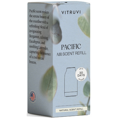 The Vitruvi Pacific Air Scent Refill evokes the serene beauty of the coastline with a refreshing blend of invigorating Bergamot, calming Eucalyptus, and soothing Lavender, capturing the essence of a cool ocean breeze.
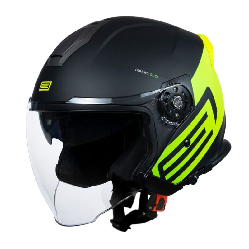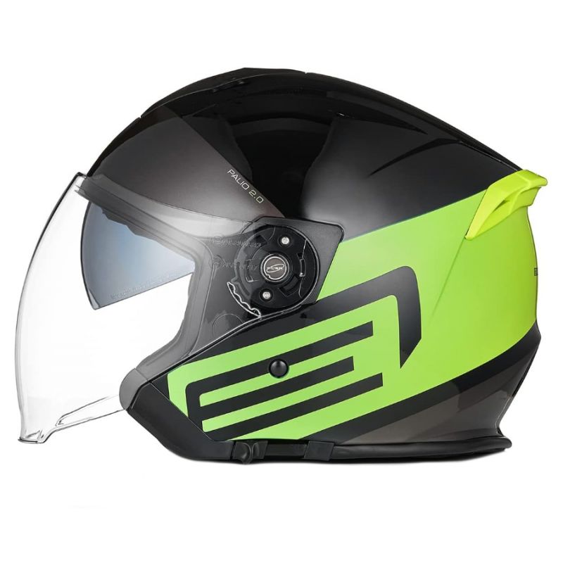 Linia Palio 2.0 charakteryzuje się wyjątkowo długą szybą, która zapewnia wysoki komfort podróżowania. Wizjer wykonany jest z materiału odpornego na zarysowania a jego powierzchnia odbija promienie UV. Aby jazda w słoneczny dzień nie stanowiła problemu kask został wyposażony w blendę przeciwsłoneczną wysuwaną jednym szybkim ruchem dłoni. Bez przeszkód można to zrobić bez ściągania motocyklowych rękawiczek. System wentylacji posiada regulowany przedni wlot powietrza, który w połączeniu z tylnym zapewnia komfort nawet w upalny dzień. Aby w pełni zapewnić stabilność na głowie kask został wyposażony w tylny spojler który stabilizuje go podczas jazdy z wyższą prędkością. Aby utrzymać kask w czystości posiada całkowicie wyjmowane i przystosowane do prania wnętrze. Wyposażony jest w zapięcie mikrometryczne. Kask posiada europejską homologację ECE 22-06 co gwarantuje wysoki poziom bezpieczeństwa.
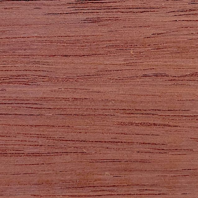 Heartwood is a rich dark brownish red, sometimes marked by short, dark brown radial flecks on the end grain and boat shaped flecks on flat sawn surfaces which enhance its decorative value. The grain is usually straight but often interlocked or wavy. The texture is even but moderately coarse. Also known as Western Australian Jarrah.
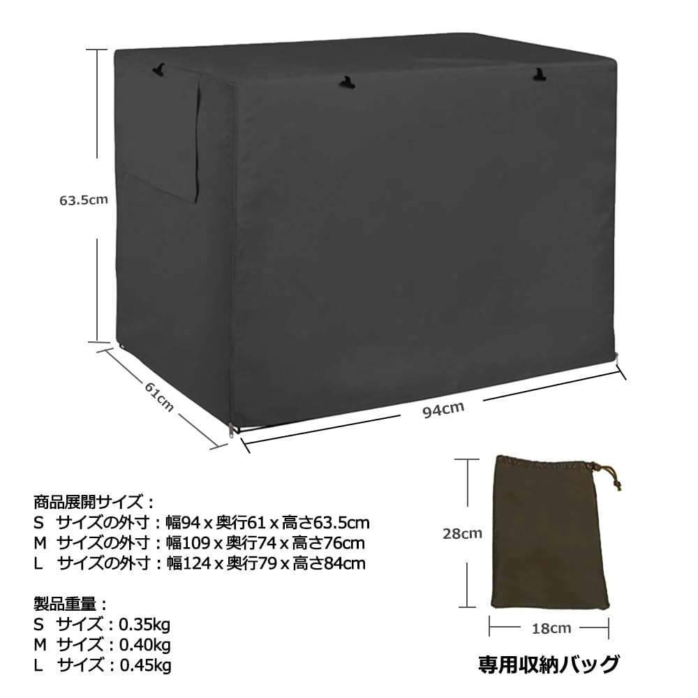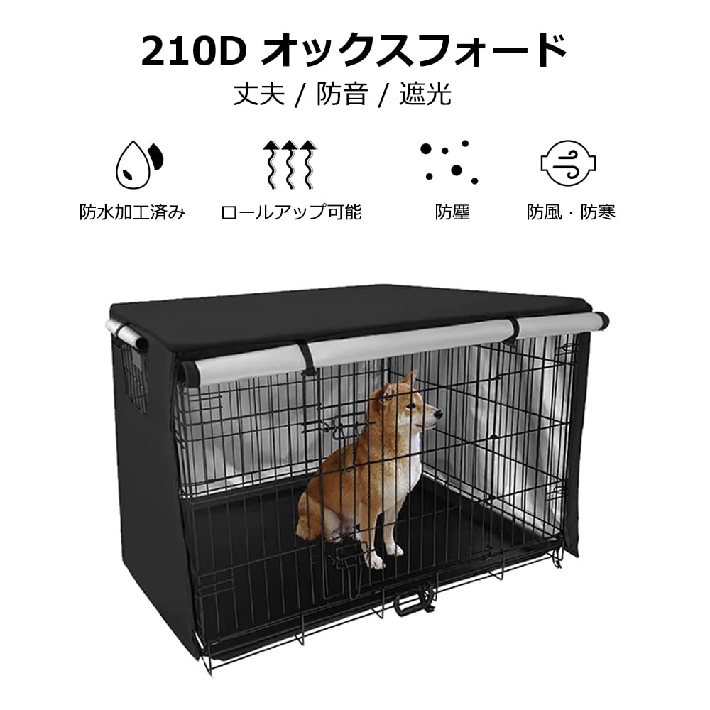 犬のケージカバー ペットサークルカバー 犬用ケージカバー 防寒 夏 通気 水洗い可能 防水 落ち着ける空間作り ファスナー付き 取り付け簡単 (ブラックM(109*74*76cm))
--
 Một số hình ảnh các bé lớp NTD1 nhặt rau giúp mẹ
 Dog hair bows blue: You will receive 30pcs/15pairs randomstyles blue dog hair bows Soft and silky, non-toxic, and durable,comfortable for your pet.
...
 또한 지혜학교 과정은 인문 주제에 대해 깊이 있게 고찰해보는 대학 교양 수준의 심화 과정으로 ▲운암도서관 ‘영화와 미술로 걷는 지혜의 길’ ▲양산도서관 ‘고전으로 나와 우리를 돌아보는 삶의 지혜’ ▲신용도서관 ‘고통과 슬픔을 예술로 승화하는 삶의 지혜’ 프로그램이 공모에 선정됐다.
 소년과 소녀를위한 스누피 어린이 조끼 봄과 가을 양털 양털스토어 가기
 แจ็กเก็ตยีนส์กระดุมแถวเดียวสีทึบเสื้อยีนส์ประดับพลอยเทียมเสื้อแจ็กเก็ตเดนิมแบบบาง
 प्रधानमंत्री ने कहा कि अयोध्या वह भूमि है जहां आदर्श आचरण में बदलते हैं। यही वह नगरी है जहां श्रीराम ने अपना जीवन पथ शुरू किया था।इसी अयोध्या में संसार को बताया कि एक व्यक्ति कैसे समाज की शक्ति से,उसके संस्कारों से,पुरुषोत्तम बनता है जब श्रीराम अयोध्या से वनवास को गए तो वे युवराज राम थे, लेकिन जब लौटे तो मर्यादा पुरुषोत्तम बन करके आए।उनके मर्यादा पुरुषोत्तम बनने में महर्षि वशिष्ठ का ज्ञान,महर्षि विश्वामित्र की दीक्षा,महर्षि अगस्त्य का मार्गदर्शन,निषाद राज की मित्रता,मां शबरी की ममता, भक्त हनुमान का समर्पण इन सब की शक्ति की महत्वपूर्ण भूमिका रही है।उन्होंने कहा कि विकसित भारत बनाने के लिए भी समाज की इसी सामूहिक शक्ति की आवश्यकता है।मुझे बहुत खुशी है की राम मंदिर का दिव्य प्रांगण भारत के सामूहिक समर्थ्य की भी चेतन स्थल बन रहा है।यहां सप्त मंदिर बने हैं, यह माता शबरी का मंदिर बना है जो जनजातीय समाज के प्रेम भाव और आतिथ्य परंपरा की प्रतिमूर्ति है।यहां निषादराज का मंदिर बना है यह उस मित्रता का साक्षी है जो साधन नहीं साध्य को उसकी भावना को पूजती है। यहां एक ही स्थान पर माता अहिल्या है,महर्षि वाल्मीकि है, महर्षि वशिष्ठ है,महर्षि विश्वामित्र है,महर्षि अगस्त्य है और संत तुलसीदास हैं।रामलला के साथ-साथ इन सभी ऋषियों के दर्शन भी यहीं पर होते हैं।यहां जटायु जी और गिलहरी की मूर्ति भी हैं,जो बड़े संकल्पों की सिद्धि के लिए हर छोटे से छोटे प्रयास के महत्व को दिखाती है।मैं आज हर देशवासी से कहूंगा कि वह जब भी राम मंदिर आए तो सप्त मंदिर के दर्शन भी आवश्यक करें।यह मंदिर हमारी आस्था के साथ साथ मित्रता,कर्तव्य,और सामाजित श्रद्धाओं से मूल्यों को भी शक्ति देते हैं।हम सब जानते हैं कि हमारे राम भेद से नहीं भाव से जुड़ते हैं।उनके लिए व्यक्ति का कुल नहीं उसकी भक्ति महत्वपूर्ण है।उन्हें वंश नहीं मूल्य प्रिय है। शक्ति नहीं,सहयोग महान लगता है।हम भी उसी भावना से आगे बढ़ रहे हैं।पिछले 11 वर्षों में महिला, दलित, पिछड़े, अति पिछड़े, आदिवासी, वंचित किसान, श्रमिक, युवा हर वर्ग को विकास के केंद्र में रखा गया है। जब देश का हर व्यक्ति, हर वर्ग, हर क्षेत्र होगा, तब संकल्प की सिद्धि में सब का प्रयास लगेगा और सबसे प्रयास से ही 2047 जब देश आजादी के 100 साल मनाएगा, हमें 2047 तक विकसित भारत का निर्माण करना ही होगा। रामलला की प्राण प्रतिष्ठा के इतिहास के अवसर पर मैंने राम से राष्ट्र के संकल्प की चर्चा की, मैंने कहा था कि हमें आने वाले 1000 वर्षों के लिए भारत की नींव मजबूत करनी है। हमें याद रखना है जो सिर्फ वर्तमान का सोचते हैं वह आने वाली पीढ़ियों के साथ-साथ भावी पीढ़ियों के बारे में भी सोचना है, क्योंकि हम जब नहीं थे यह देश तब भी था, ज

- **WHAT NEEDS TO BE DONE**
Your reply should hold nothing but the lines above, from the one containing "Heartwood is a" to the one containing "犬のケージカバー ペットサークルカバー 犬用ケージカバー", reproduced exactly minus the pictures.

- **SOLVED EXERCISE**
 Heartwood is a rich dark brownish red, sometimes marked by short, dark brown radial flecks on the end grain and boat shaped flecks on flat sawn surfaces which enhance its decorative value. The grain is usually straight but often interlocked or wavy. The texture is even but moderately coarse. Also known as Western Australian Jarrah.
 犬のケージカバー ペットサークルカバー 犬用ケージカバー 防寒 夏 通気 水洗い可能 防水 落ち着ける空間作り ファスナー付き 取り付け簡単 (ブラックM(109*74*76cm))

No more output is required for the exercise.